Right, were to start.... I had a MMC on the 2nd of Feb followed by D+C o the 4h of Feb. I have been bleeding on and off ever since really, very irregular between really heavy, nothing at all some days and spotting the others. I had about 4 days of nothing and then at 7 weeks started with what a believed to be a full flow AF, this lasted about 7 days, then I have had had very light spotting since, not much but something there all day, yesterday was CD12 and I was still bledding.......

Today CD13 I woke up to a clean pad, nothing at all, and there is nothing when I wipe, and nothing pooled up inside, seems to have gone!!!!!!

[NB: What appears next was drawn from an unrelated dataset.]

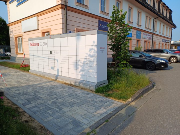 Z-BOX stojí u firmy Intop. Je postavený ze strany budovy kde je finanční úřad.

Then I got a smiley face on my CB OV test.......... can I really ovulate despite all this bleeding......
Could it really be over, almost 9 weeks of hell, could this really be the end of it and now it is time to move on.

Hubby doesn't really want to do any BD'ing tonight cause we have been through this before, thought it had all finished, we had sex and then I started bleeding again, but I dont want to miss the opportunity!

Going off my last cycles I usually OV around CD15, today is only CD13, is this normal. Is it normal for your cycle to change after MC?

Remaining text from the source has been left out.